Books, Creative Writing, Faculty

September 23, 2022

“A Poet at the Top of His Form”: Hollins Professor’s Newest Collection Is Published Thorpe Moeckel

The often lost and surprising senses of the world and of words are exhumed in According to Sand, the new volume of poems by Thorpe Moeckel, associate professor of English and director of the Jackson Center for Creative Writing at Hollins University.

Mercer University Press, the book’s publisher, calls According to Sand “an aching, wryly joyous collection that embodies the erosive and porous qualities of sand and invites us to recognize how we might remain among the remains, settling, shifting, filtering, and surviving. While ranging from creekbanks to hummocks, from barrier islands to ridges and hollers (from the Kansas River to West Penobscot Bay, to the Edisto, to various tributaries of the New and the James, the Neuse and the Savannah), these creaturely poems track the abundant and the minimal, singing (in praise and loss) the uncanniness of existence.”

According to Sand Book Cover

Chris Dombrowski, acclaimed author of The River You Touch, praises Moeckel and According to Sand. “I have been an admirer of Thorpe Moeckel’s poems for many years, searching them out as one looks for morels or thimbleberries in the woods, but here, in the brilliant According to Sand, is a book to subsist on.

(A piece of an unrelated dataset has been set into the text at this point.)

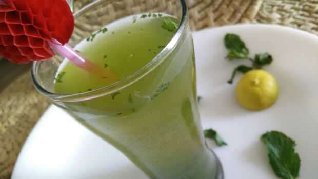 limonada de 3 pasos con mentaPaso 1: ingredientes 1/4 de taza de sugerjugo de un limónun tazón de cereal de hielo3 tallos de mentay una licuadora o un procesador de alimentosPaso 2: mezcla!!! añadir todos los ingredientes juntos y licúe hasta obtener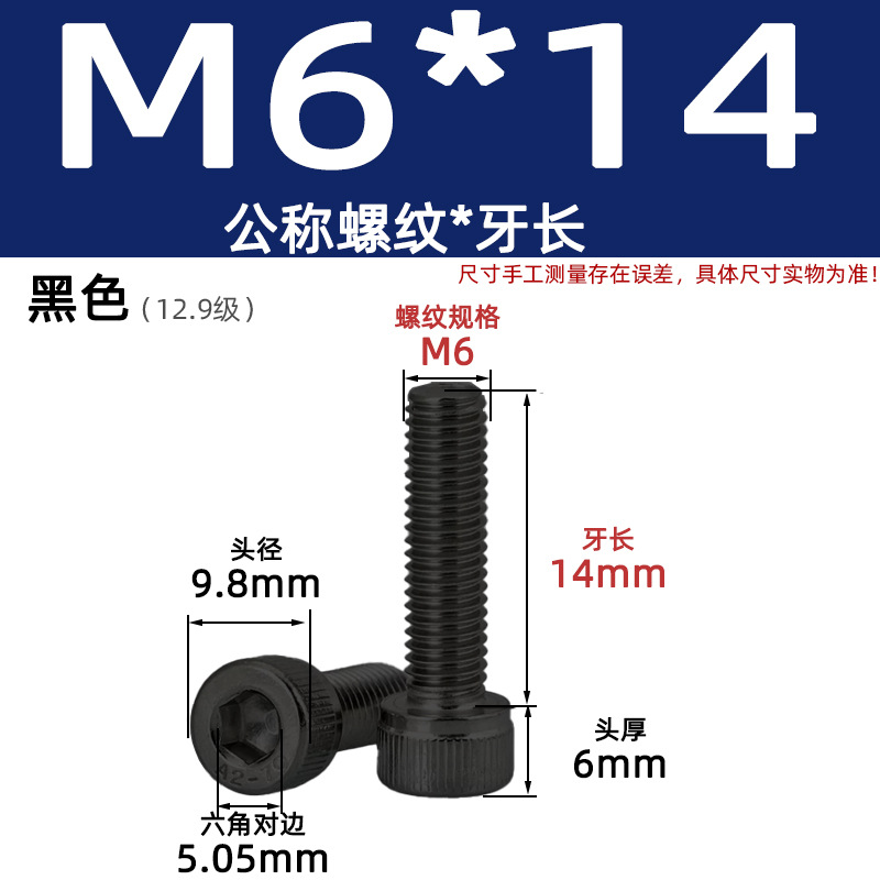 • 육각 소켓 볼트 M6*14 검정색(레벨 12.9)

Line by supremely original line, it illuminates – and is illuminated by – ‘the fleeting infinities’ of the natural world, of which we are a minuscule (see: sand grain) but luminous part. Moeckel is an utterly necessary poet at the top of his form, as fully manifested as a trillium in full bloom.”

Raised in Atlanta, Moeckel has taught in the writing program at Hollins since 2005. His first book of poems, Odd Botany, won the Gerald Cable Book Award in 2000, as well as the George Garrett Award for New Writing from the Fellowship of Southern Writers. In subsequent poetry books, Making a Map of the River, Venison, and Arcadia Road, as well as two nonfiction books, Watershed Days and Down by the Eno, Down by the Haw, Moeckel has stayed close to the woods and rivers of the Appalachians while exploring a variety of themes.

Moeckel’s work has been widely anthologized and has appeared in many journals and magazines, among them Field, Open City, The Antioch Review, Poetry Daily, Taproot, Orion, Poetry, The Southern Review, and Virginia Quarterly Review.